Walter Bailey, Artist, Educator: Black expressionism goes all the way back to the founding of the visual arts on the African continent. It flowed through time into this room. It passed through many definitions and transitions until it comes to you.

Bill Kubota, Senior Producer, One Detroit: The Mary Grove Conservancy, Detroit. Most Monday nights it’s the Breakfast Club.

Unknown Speaker 1: Please give him your undivided attention. Look at that handsome face. Look at him smiling. Okay.

Bill Kubota: Artists, art lovers, collectors. Looking, talking and buying art.

Henry Harper, Co-Founder, Detroit Fine Arts Breakfast Club: I’m happy because it brings artists out of the woodwork.

Mariam Hall, Acrylic Painter: My name is Mariam Hall. I’m an acrylic painter.

Unknown Speaker 2: I mostly do line art. Portraiture is what I really dabble in and I’m really inspired by Detroit’s underground community.

Unknown Speaker 3: I was a technical illustrator for GM for over 40 years, so that was my profession, I’m a photo realistic artist.

Unknown Speaker 4: And I’m proud to say I am a folk artist.

Henry Harper: Breakfast Club started about 2009.

Bill Kubota: Henry Harper, antiques dealer on Detroit’s East Side, and art aficionado.

Henry Harper: Here is the sheepturner for Detroit and actually getting to be a national art rock star.

Bill Kubota: Art, Harper realized something to look forward to coming home to.

Henry Harper: Art just enhances one’s life.

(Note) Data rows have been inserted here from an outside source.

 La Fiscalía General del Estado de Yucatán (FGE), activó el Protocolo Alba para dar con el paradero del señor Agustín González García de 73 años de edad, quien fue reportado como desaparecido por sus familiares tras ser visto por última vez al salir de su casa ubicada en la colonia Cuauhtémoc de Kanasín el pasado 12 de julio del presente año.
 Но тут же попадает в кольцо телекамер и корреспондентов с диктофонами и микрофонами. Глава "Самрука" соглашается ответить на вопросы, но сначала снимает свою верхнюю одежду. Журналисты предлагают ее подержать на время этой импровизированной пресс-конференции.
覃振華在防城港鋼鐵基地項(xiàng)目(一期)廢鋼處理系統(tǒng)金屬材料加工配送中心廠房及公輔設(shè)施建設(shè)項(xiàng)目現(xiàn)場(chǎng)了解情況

Bill Kubota: Artists check-in, show their wares, get some advice.

Unknown Speaker 5: So, the piece is a Black narrative. And it’s ironic, you know, part of me coming here to drop it off I got pulled over by the police. So it’s just the–

Henry Harper: You did?

Unknown Speaker 5: Yeah.

Henry Harper: With this in the car?

Unknown Speaker 5: Yeah with this in the car.

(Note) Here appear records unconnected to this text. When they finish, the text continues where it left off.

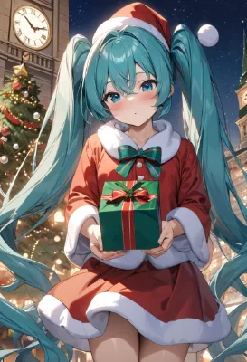 masterpiece, best quality, extremely detailed, anime, girl,初音ミク,VOCALOID,ブルーグリーンのロングツインテール,スカート,青い瞳,雪が降る街で赤いフリルのゴスロリなドレスを着てプレゼントボックスをもった女の子,可愛い,笑顔,美少女,胸元で輝く赤い宝石,時計塔,雪の結晶,クリスマスツリー,神秘的
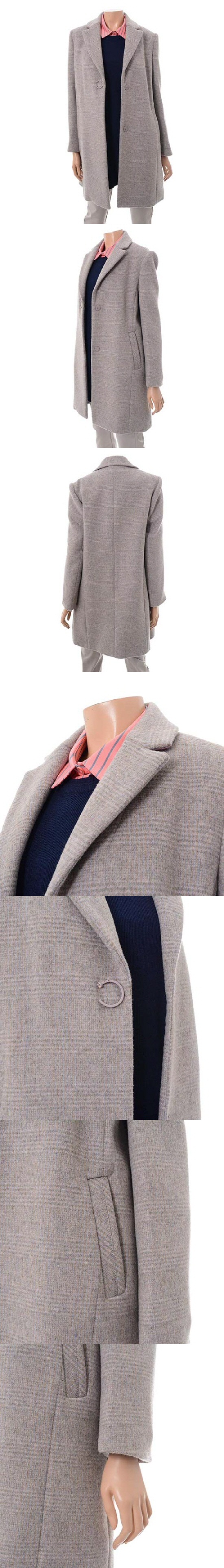 -은은한 체크 패턴이 고급스러운 울 혼방 소재로 카라 밑단 배색과 앞 장식 단추로 포인트를 준
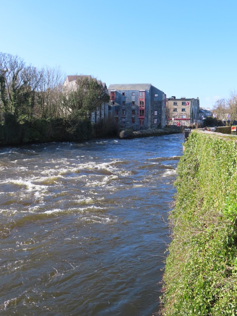 Galway…. Is a university city. We walked over the “raging” River Corrib on a pedestrian bridge, then walked alongside to the harbour. There is the lovely old pedestrian street “Shop Street”with shops and pubs, of course….. and Lynch’s Castle from the 15/16th century. Then back across to the cathedral. Along the way were a bunch of teens from a private school celebrating a pre-grad…. all dressed up but some were “pissed to the gills”. They did not impress our guide.
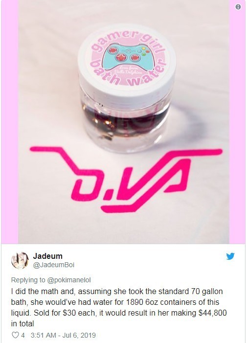 不过近日有媒体报道称,Twitch平台英国美女主播Belle Delphine在Ins上卖起了自己的洗澡水,一瓶30美元,推特有网友猜测其通过贩卖自己的洗澡水,已经赚了至少4万多美元。

Henry Harper: That should of been interesting. It’s something new in this millennial about the business of art. Art is now a business beyond what it used to be. It was reserved for the one-percenters.

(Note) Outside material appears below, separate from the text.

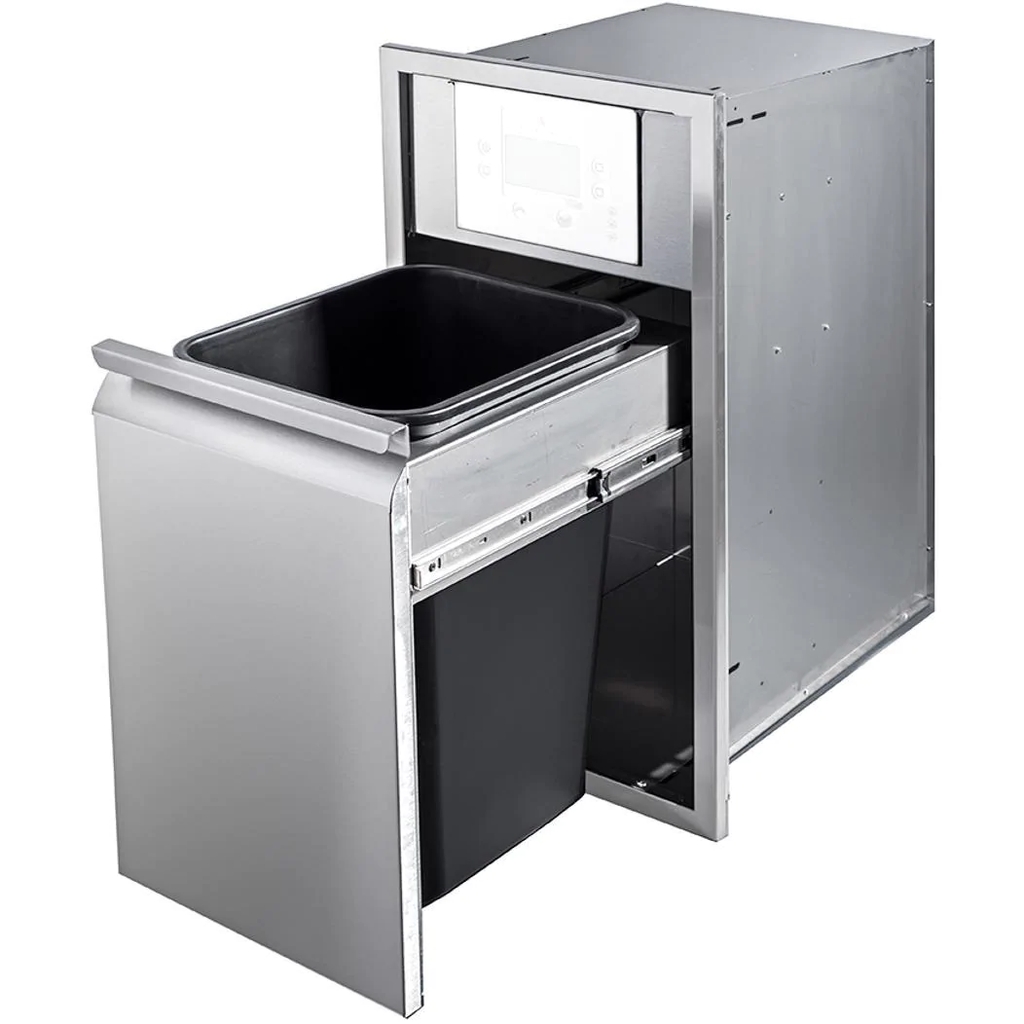 - Package Includes: 39-Inch pellet grill and grill cover, 15-Inch roll-out trash bin, and a 42-Inch double access door

Bill Kubota: The very rich. Harper has been a procurer of antiques for some of them. But this Breakfast Club that goes in a different direction.

Henry Harper: Now, what Breakfast Club has done was to make art absolutely democratic.

Unknown Speaker 6: Now as you go through life and you evolve up the state of creativity, you’re going to have to define who you are and what you are. Are you a cubist? Are you an impressionist?

Unknown Speaker 6: Along the road of life, you’re going to be experimenting with art, you’re going to be experimenting with techniques. You’re going to be looking to find yourself.

Unknown Speaker 6: Now, once you find yourself, you have to define yourself. When you make out a resumé, you’re going to have to tell people what type of artist you are. I am a Black expressionist artist.

Jonathan Harris, Artist: It’s not like this elites, like the wine and cheese critique… Art, power. Caucasian walking around.

Judge Deborah G. Bledsoe Ford, Artist: I have one work this evening. Thirty by 40 I had to up arrow.

Jonathan Harris: It’s very welcoming. It’s very home. It’s very community.

Judge Deborah G. Bledsoe Ford: It’s acrylic. It’s called Sunni The Reunion and it’s also called The Homecoming.

Henry Harper: It’s really very therapeutic because they get to talk about in front of a crowd on top of that. And then there’s like an African culture, there’s the caller response and African traditions and culture.

Damien Deyonte, Artist: Good afternoon, ladies and gentlemen. My name is Damien Deonte.

Henry Harper: So, you put a call out and get a response back. That is exactly what happens at Breakfast Club. Some artists are showmen. Andy Warhol was a showman.

Damien Deyonte: Some years back I did the first one in 1989. You had to be there.

Henry Harper: Picasso was a showman.

Damien Deyonte: It was in Australia. You had to be there. I threw rocks at wild parakeets. You had to be there.

Henry Harper: The showman, showman, showman.

Damien Deyonte: And for hours, these parakeets attacked me every time they saw me. You had to be there.

Henry Harper: And a showman’s rise to the top.

Damien Deyonte: It’s 36 by 48 Untitled right now because it’s untitled right now.

Henry Harper: The art is a byproduct of the showmanship.

Damien Deyonte: On acrylics.

Henry Harper: You’ve got to stay with your craft. Stay with what you believe in and really get it out there. And now it’s easier now. In the old days, Art Dealer and really happened here in Detroit. It was sad. It happened all over the country. Nobody wanted Black art. They saw it as Black art rather than part of the American story.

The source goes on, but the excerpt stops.